Dr. Siepel, Dr. Castellano and their colleagues used these models to analyze the Neanderthal DNA and that of humans. Their analysis confirmed previous studies: Some Neanderthal DNA did indeed end up in modern Europeans and Asians.
But they also found another example of so-called gene flow, and an unexpected one at that: The Altai Neanderthals in particular shared some mutations with living Africans, but not with Europeans and Asians.
That pattern suggests that an African lineage of humans interbred with the ancestors of the Altai Neanderthal after they split from other Neanderthals.
Dr. Castellano and Dr. Siepel thought at first there was something wrong with their analysis, so they went back to fix it. But when they looked for the problem, they could not find it.
“We poked and prodded and poked and prodded, and couldn’t get it to go away,” said Dr. Siepel.

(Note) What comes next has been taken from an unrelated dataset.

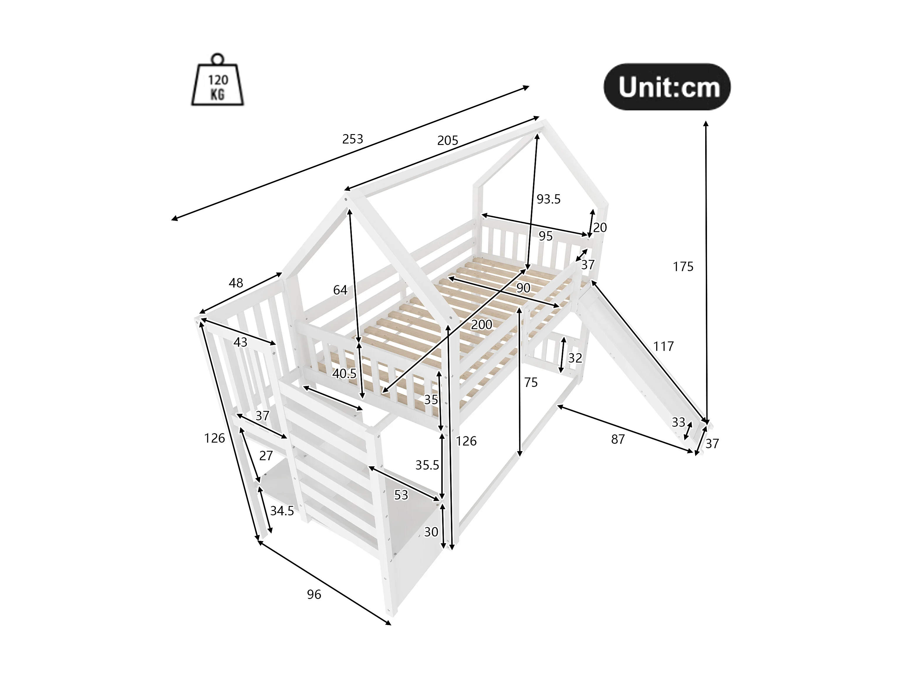 Letto a castello 90x200cm con scaletta contenitore e scivolo - Letto a castello per bambini in legno bianco

Once the scientists accepted that the interbreeding was real, they estimated when it happened. When DNA gets passed down through the generations, it gets shuffled into new arrangements that can be used to build a sort of timeline.
Based on this gene shuffling, the scientists estimated that humans and the ancestors of the Altai Neanderthals interbred about 100,000 years ago — long before people were thought to have left Africa. “This observation throws a wrench in the works,” said Dr. Siepel.
Bence Viola, a paleontologist at the University of Toronto and a co-author of the new study, said he was skeptical when he first learned of the genetic data. “It’s really weird, that’s my main impression,” he said.
同为这项新研究作者的多伦多大学(University of Toronto)古生物学家本斯·维奥拉(Bence Viola)表示，刚听到这些基因数据的消息时，他本人满腹狐疑。“实在是奇怪，这就是我的主要印象，”他说。
Eventually, however, Dr. Castellano persuaded him the data were strong, and Dr. Viola looked over the fossil record for possible explanations for the interbreeding.
In the 1930s, for example, scientists discovered 120,000-year-old fossils in Israel that looked a lot like living humans. Many scientists viewed them as a failed human migration from Africa, with no genetic connection to humanity today.
In October, Chinese researchers discovered another intriguing clue in a cave: 47 teeth that they estimate are between 80,000 and 120,000 years old. The scientists argue that the teeth belonged to modern humans.
Dr. Viola is not completely convinced by the Chinese study. Instead, he thinks the scenario that best fits the evidence is that humans expanding into the Middle East encountered and interbred with Neanderthals there. The Neanderthals then migrated east to Siberia, taking human DNA with them.
“It seems pretty solid,” said Jonathan K. Pritchard, a geneticist at Stanford University who was not involved in the study. “Overall, the story they’re telling is pretty coherent.”
“看起来很有说服力，”没有参与这项研究的斯坦福大学(Stanford University)遗传学家乔纳森·K·普里查德(Jonathan K. Pritchard)这样评价道。“总体而言，他们提出的这套说辞比较条理分明。”
Dr. Pritchard said that more examinations of ancient DNA would help resolve the many questions raised by the new study and help scientists understand the scope of the intimate back-and-forth between Neanderthals and humans.
“There’s going to be a lot more data really soon,” he said. “I would expect in the next few years we’ll have much, much more of the jigsaw puzzle, and it will be possible to piece this all together.”